The store he's talking about is House of Tropics down on Rt. 50 in lower Price Hill. Good place, really big, although I've never bought fish from them. As some of you know, I stick with getting my fish things from Monfort Aquarium and Pets...family owned and operated for over thirty years like House of Tropics. I won't buy from Jack's or the chain stores, with the exception of the four otos we got recently (sale price plus my mom was doing a demo there so that was an addition % off I think.) So the only three that I -would- buy from are Monfort, House of Tropics, and if I ever win the lottery, Aquarium Adventure.

House of Tropics is ok with plants. Mostly low-light easy plants - swords, crypts, moss, a few stem plants. That's about all I remember them having.


----------



## ctmpwrdcamry (May 23, 2005)

I only shop AA because its local, the rest of the local places dont seem to know much or cant keep there tanks clean. It is pricy, but i shop there sales and have befriend the managers


----------



## ElectricHead (Sep 11, 2005)

Hello, Amingra
I am also new guy. I attended the last meeting at Matts house and everyone was great. I am in the process of converting a 58 gal reef setup into a freshwater planted tank. I have stuff coming in the mail right now and I still need to get up some cash to buy my co2 outfit. Been working on laying out my aquascape on paper so I have a plan and know what goes where when I finally am able setup.


----------



## molurus73 (Apr 15, 2005)

When AA first opened around here they were just awesome. Beautiful tanks. People seemed to know their stuff. Lately, the tanks have gone to crap, there is not very much selection and they are waaaayyyyyy overpriced on everything. I have bought fish from there on 2 separate occasions. Both time they got ich and half died. I don't go 'round them parts no more. Hopefully the C-bus stores are a lot better.


----------



## ctmpwrdcamry (May 23, 2005)

They have their days. Most of the time they do well. They are alittle more expensive, but not much more so than anything else. there tanks are MUCH cleaner than anything else around here. I also know when the fish come in, so i can let them get them healthy and stablize them before i take the mhome


----------



## EcleckticGirl (Jul 26, 2005)

Simpte 27 said:


> Joe is a good guy. He knows his cichlids also. Other than that............... well lets just say Joe is a good guy.

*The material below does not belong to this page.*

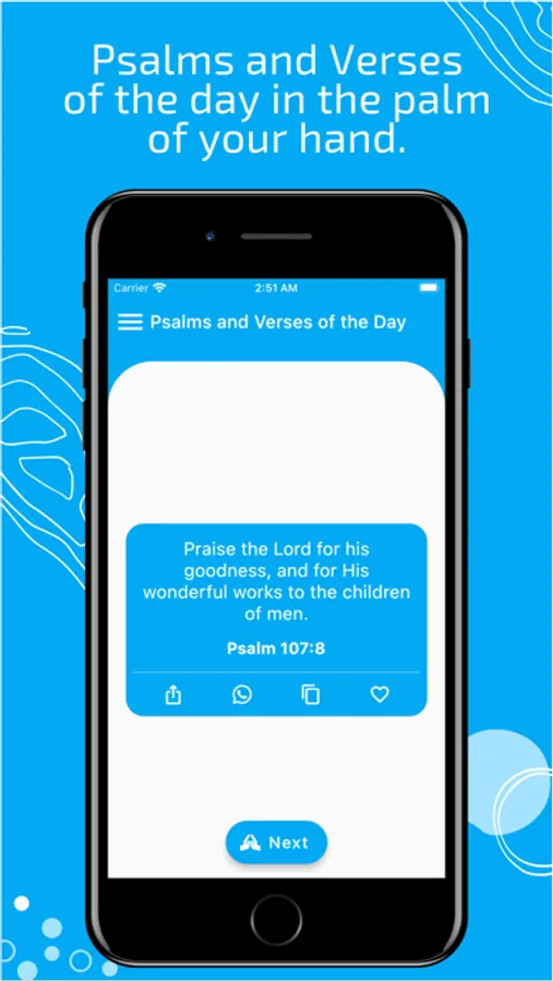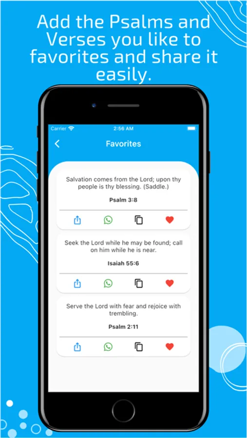 With the app you have access to the Psalms and Verses of Bible and allow you to share it easily with your friends and family.
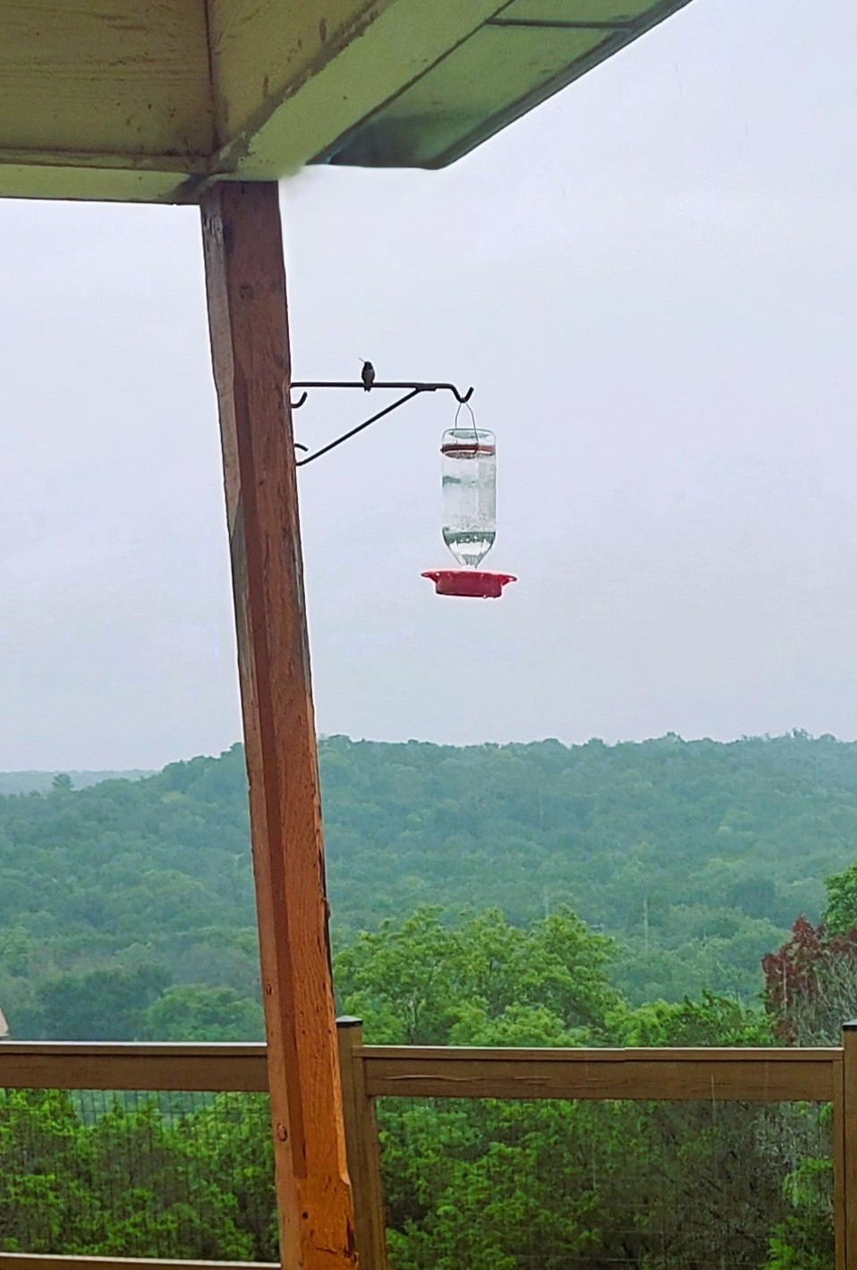 This spring and summer have not been stellar seasons for hummingbird watching around my house. One or two birds persistently visit the feeder, and so I, a dedicated “birder” persistently replace the sweet syrup, despite the abundant natural nectar available nearby. Today, the third morning in a row of rainfall, however, brought a change to one bird’s habit, as a tiny hummingbird landed near the top of my feeder. Neither hovering nor sipping, the hummer instead perched on the feeder’s metal support bracket for over 10 minutes- an eon in hummingbird time. Was it seeking shelter there under the porch eave? Its hunched silhouette reminded me of someone huddling for protection.

LOL, Well, I am a newbie. At least he did not say anything so blatantly rule of thumb (if you have a really huge thumb) like I have heard some folks say at some of the marts. But I get your point.


----------



## amingra (Oct 9, 2005)

Where is Monfort?


----------



## molurus73 (Apr 15, 2005)

Colerain avenue. Just south of Northgate mall. Well, not _just_ south. From 275 go south until you pass Galbraith rd. On the left hand side. Kroger is on the right.


----------